== Input for this task ==
○ ○ ○ ○

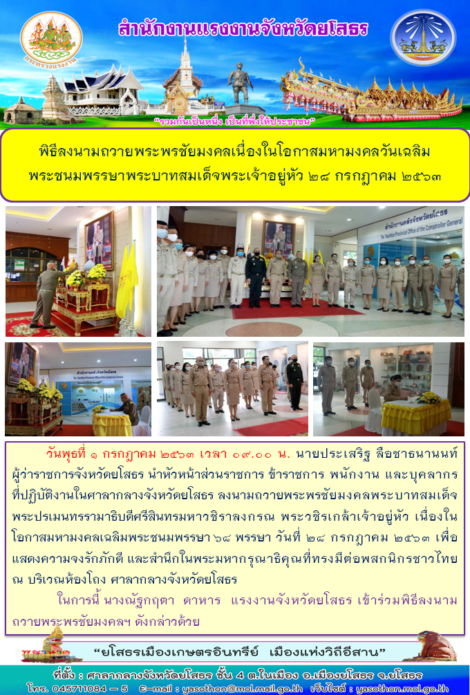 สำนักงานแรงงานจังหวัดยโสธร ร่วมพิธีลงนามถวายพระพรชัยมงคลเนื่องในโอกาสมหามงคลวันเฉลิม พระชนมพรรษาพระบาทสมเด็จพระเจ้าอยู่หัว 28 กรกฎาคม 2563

○ ○ ○ ○

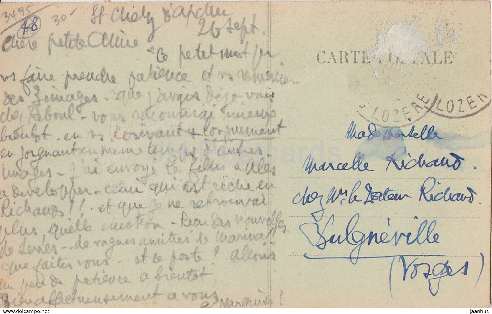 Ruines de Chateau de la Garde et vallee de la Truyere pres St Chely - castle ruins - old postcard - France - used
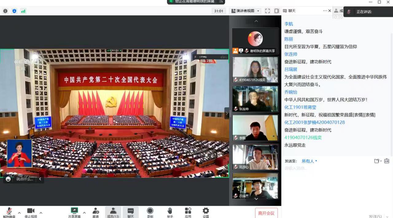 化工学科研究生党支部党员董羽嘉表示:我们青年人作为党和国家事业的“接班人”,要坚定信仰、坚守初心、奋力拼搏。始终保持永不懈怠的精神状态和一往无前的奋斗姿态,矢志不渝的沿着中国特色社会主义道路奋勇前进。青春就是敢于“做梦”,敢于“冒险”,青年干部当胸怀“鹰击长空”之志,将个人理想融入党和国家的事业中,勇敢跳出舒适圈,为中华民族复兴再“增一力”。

○ ○ ○ ○

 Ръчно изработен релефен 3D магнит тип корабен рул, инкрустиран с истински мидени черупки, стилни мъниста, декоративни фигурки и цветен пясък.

○ ○ ○ ○

== What is being asked ==
Go to the line above that contains "Ruines de Chateau" and reproduce everything exactly from there through the line that contains "化工学科研究生党支部党员董羽", leaving out the pictures.

== Answer to the exercise ==
 Ruines de Chateau de la Garde et vallee de la Truyere pres St Chely - castle ruins - old postcard - France - used
 化工学科研究生党支部党员董羽嘉表示:我们青年人作为党和国家事业的“接班人”,要坚定信仰、坚守初心、奋力拼搏。始终保持永不懈怠的精神状态和一往无前的奋斗姿态,矢志不渝的沿着中国特色社会主义道路奋勇前进。青春就是敢于“做梦”,敢于“冒险”,青年干部当胸怀“鹰击长空”之志,将个人理想融入党和国家的事业中,勇敢跳出舒适圈,为中华民族复兴再“增一力”。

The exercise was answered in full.